═════ Information supplied
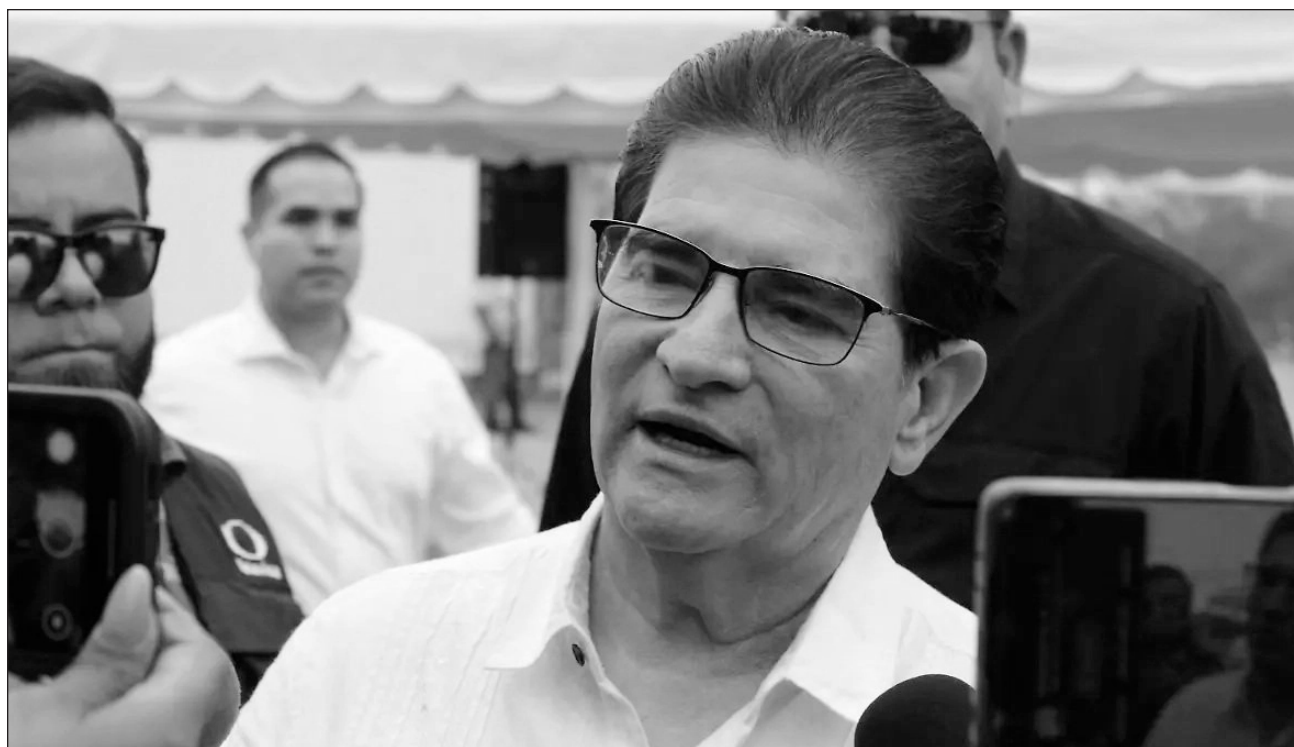
▲ Sergio Méndez en reiteradas ocasiones hizo llamados a madres y padres de familia para fortalecer la prevención social y evitar que menores de edad fueran captados por grupos delictivos. Incluso, el llamado era para reformar la ley.

El funcionario concluyó sus funciones el pasado viernes 1 de mayo al cumplir 5 años
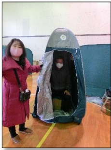
簡易トイレが出来上がり
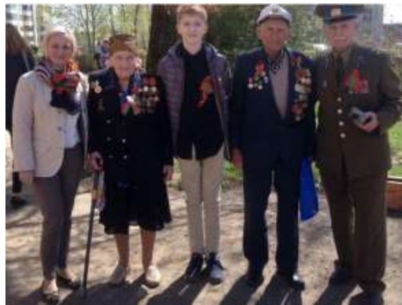
Международный слет школьных Музеев.
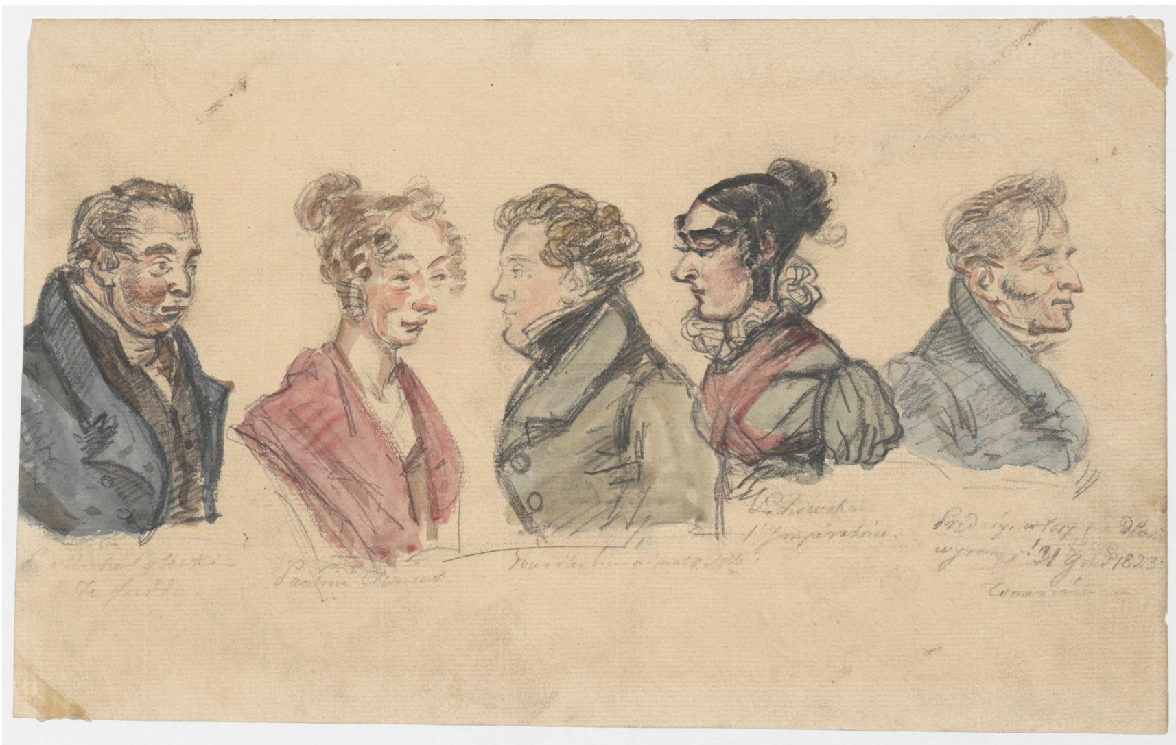
Karykatury gości hr. Antoniego Ostrowskiego w Tomaszowie, Piotr Michałowski, 1823
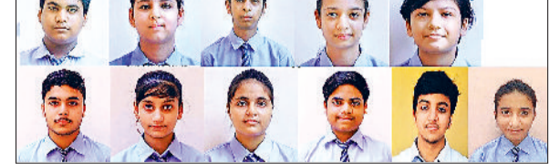
नारनौल। डीपीवी स्कूल के विद्यार्थी।
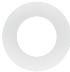
Afdekring PD9 Ø 36 mm Art.nr.: 92238

Spanning: 230 V AC \pm 10\% Afmetingen: 50 x 23 x 8 mm Beschermingsgraad/-klasse: IP20 / Klasse II
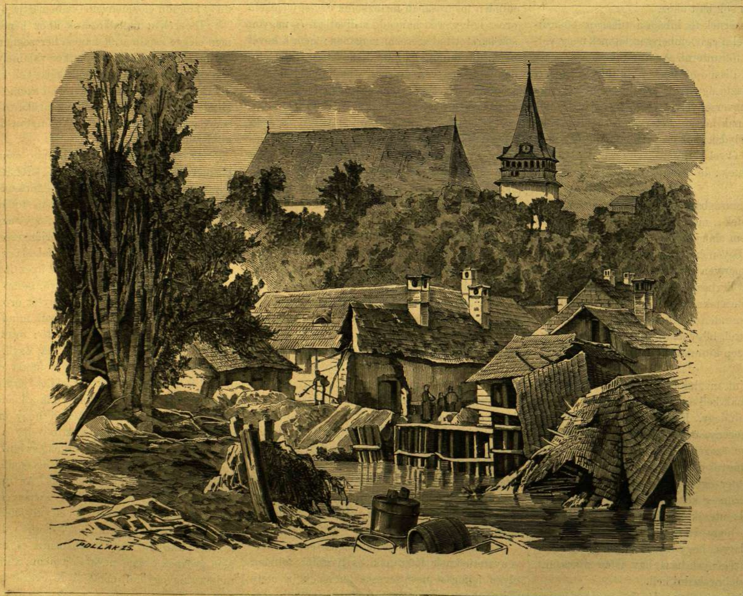
MISKOLCZI VÉSZ. — A „TORONYALJA“.
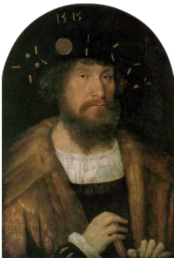
Portræt af Christian 2. (1481-1559). Michiel Sittow: Statens Museum for Kunst.

I laden på Bundsbæk Mølle hænger Christian 2. Fra sin plads kan han se frem i historien. Han kan se henrettelsen af Johann Friedrich Struensee, han kan se love, hans efterfølgere har givet, og så kan han se rakkere. Rakkerpak, natmænd, udstødte, hele laden er fyldt med dem – og med deres historie – men det hele starter med Christian 2.
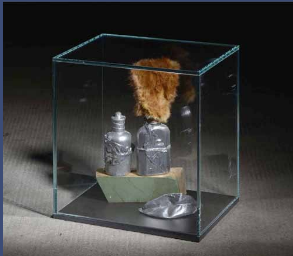
VERBENA, 2014 Aluminium, fourrure, perles, bois, fer, vitrine 31 x 28 x 20 cm
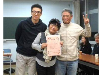
受賞された学習者さん、先生と一緒に記念撮影
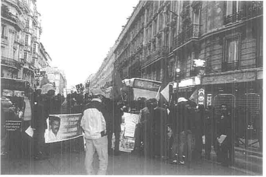
மனித உரிமை மீறல் நடக்கிறது, அதைத் தடுத்து நிறுத்துவதற்கு உலக நாடுகளுக்கு உரிமை உண்டு. (லாச்சப்பல்)
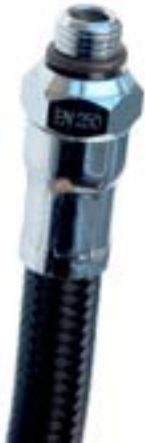
Abb. 1: Anschluss eines MD- oder INF-Schlauchs mit Gewinde zur Verbindung mit einem MD-Ausgang der ersten Stufe, Gewinde 3/8“:
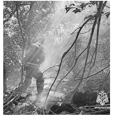
Для предотвращения пожаров на Бештау усилена группировка МЧС

– Я знаю, что такое стена огня. Когда у нас загорелось поле, и ветер нес огонь со скоростью 25 метров в секунду. Эту стихию никто не остановит, хоть все мы встанем на пути.
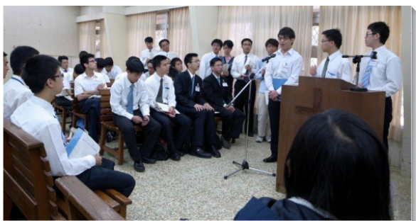
▲大學聖徒於特會信息後申言分享

召會就是今天的新耶路撒冷，而新耶路撒冷乃是宇宙的金燈台！我們願意為著身體的需要被鎚打在一起，成為團體的新耶路撒冷。我們也願意藉著七盞火燈的焚燒，今日在台灣學習栽種召會樹，將來到各地建立金燈台！ (李杭峰)
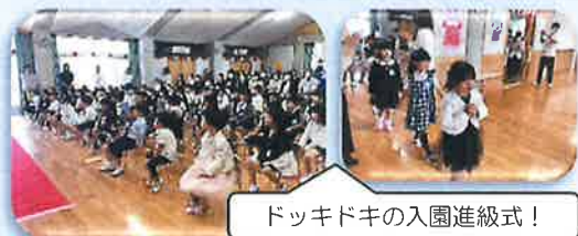
ドキドキの入園進級式!
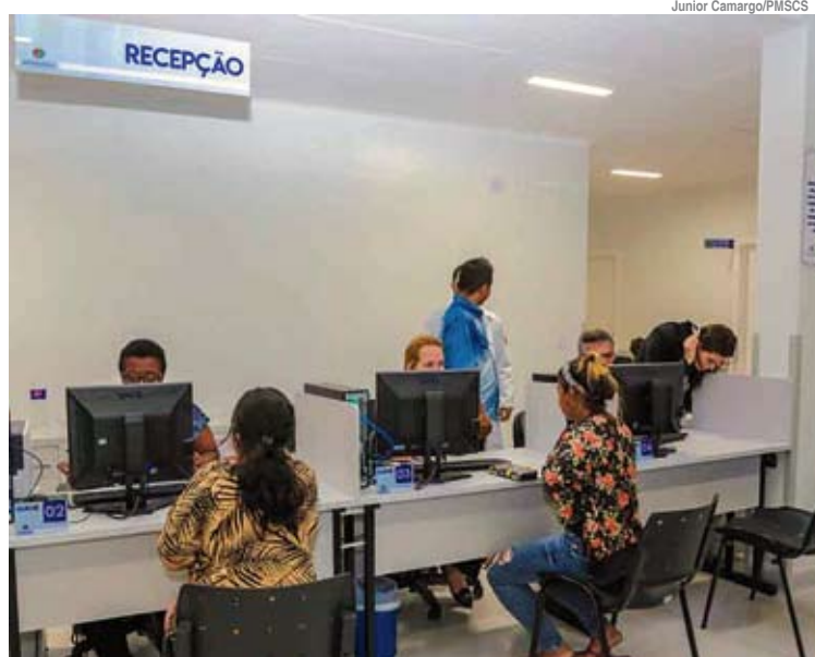
Pacientes elogiam início dos atendimentos de urgência e emergência no novo modelo

O atendimento infantil (até 14 anos) permanece no Hospital Infantil Márcia Braidó para quem tem o CidCard. Quem não possui o cadastro é atendido
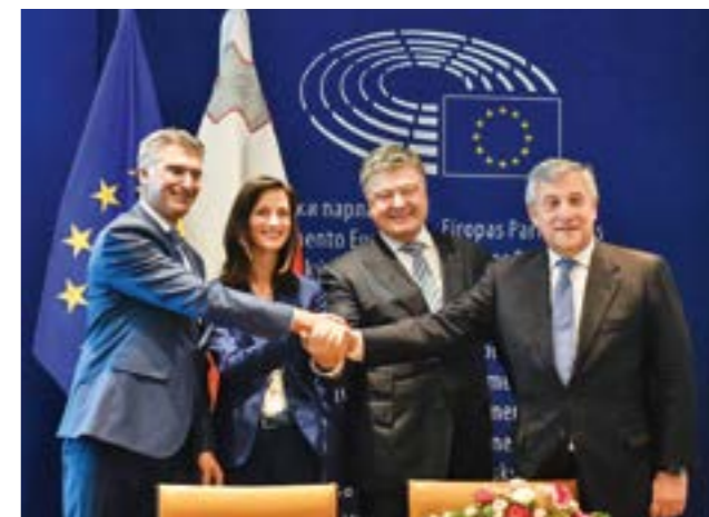
Урочиста церемонія підписання рішення ЄС про запровадження з 11 червня 2018 р. безвізового режиму між Україною та ЄС

Україна має всі передумови для переходу до того цивілізаційного середовища, якому притаманна організація державного устрою
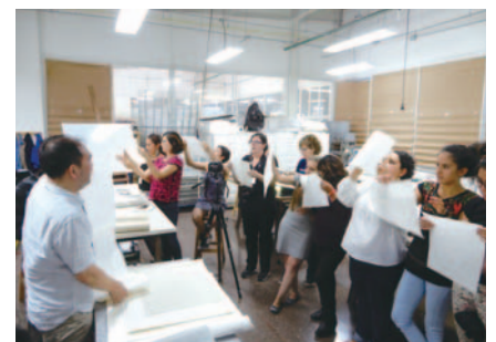
国際研修「ラテンアメリカにおける紙の保存と修復」(メキシコ) International Course on Conservation of Paper in Latin America (Mexico)

当研究所は世界の専門機関、専門家とも交流を図っています。調査研究、修復事業、人材育成などを通じ、アジアを中心とする各国の文化財保護に貢献しています。
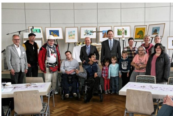
... Gruppenfoto mit den prämierten Kunstschaffenden ...

Auf Einladung des Protestantischen Dekanats Frankenthal war die Beauftragte für die Belange behinderter Menschen bei der Eröffnung der Wanderausstellung „Behinderte Menschen malen 2017“ zu Gast. Präsentiert wurden über 100 Bilder, die von Menschen mit Behinderung aus Werkstätten und Einrichtungen in Rheinland-Pfalz zum Thema „Traumreise“ gemalt haben.
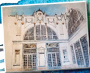
1 er PREMIO 2014 OSCAR NORÁN BLANCO
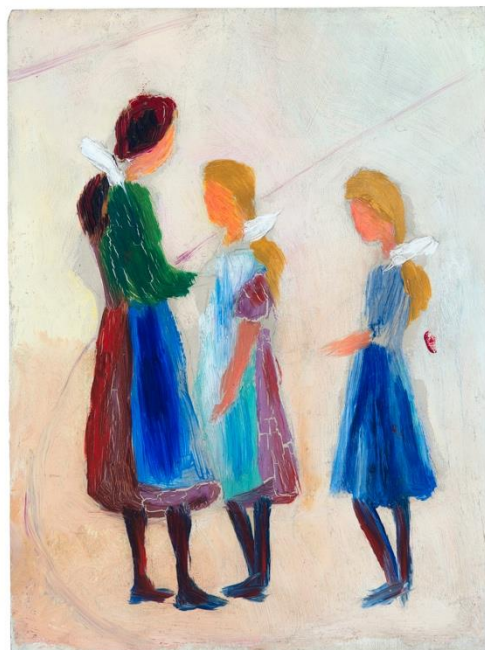
Drei Mädchen mit weissen Haarschleifen by August Macke (1914) di proprietà della Fondazione Gabriele e Anna Braglia.

Per maggiori informazioni: www.kultur-lindau.de
══════════
**Problem requirements:** Using the data above, tally the lines that contain the string "para" and state only the result.

**Written answer:** 2